Other ways to keep your data private
The tips mentioned above are the most recommended ways to protect your privacy. Yet, below, we list some more ways for enhanced protection.
- Delete accounts that are no longer in use and try to avoid big data companies.
- Be sure to log out of platforms when not using them.
- Frequently clear your cache and delete your browsing history and cookies.
Adhering to all these steps is an excellent start to safeguarding your online privacy. However, note that big data collection doesn’t happen solely online; you must also be vigilant to avoid offline traps.
FAQs
Big data’s shady side comes in three forms: shoddy data quality, security breaches, and misuse of private info. Crappy data equals faulty analysis full of holes and blind spots. Breaches leak personal stuff out to malicious hands. Misuse makes companies seem like they don’t keep tight control or come clean on how they employ user data.

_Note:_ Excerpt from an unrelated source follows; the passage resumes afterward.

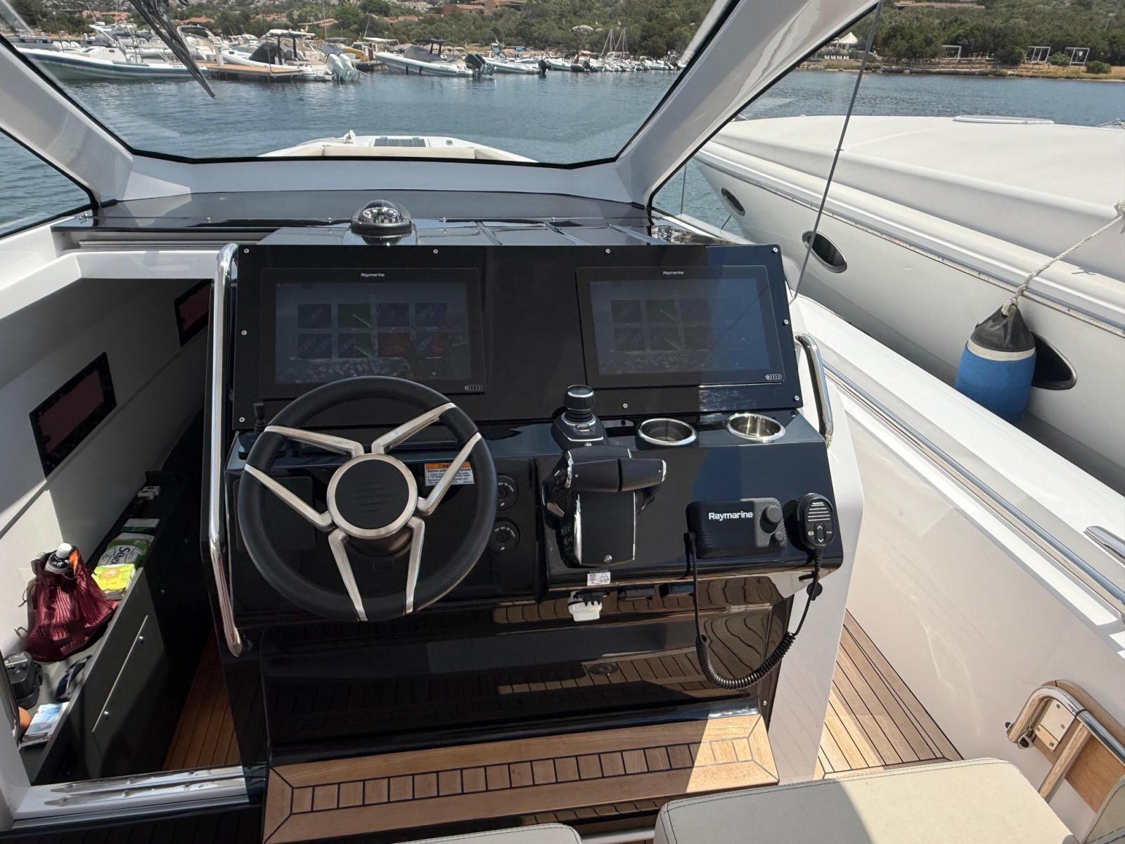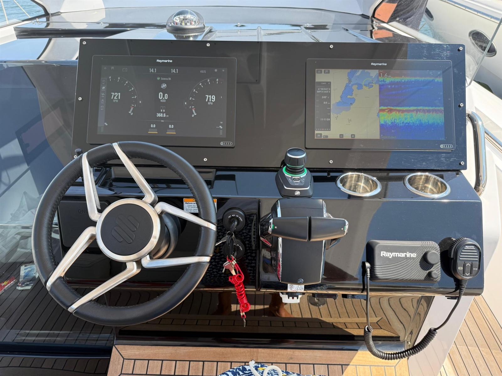 Indicateur d'angle de barre, Ordinateur fixe de bord, Compteur de chaîne, Moniteur, Joystick, Plotter GPS (RAYMARINE n. 2 monitor da 16"), Siège copilote.

This trio of risks casts big data as a potentially dodgy deal, trading off conveniences for consumers’ peace of mind. Companies need to earn back that trust through accountability around these problem areas.
Three top ways to amplify privacy and reduce companies snooping on your personal data include:
1. Using a VPN.
2. Creating secure passwords using a password manager.
3. Taking control of your data.
Big data can have both negative and positive effects on user privacy. For one, it can better equip decision-makers to make the right decisions, which is excellent. Consequently, collecting so much data can create concerns about the abuse of sensitive data, data security risks, and data security and overall quality.